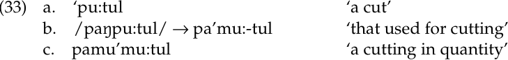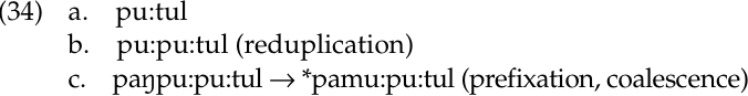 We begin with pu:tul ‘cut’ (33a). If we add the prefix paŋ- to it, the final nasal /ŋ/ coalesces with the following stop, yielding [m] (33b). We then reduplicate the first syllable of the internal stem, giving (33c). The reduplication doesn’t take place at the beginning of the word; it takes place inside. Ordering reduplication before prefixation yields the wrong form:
--
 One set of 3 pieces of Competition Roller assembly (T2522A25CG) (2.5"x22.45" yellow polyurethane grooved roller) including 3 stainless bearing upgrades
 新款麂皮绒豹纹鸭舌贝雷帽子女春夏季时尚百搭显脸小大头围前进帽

◆ WHAT THE TASK REQUIRES ◆
Above this task is a listing. Restate, word for word and with nothing added, the lines from the one with "One set of 3" through the one with "新款麂皮绒豹纹鸭舌贝雷帽子女春夏季时尚百搭显脸小大头围前进帽".

◆ FINAL ANSWER ◆
 One set of 3 pieces of Competition Roller assembly (T2522A25CG) (2.5"x22.45" yellow polyurethane grooved roller) including 3 stainless bearing upgrades
 新款麂皮绒豹纹鸭舌贝雷帽子女春夏季时尚百搭显脸小大头围前进帽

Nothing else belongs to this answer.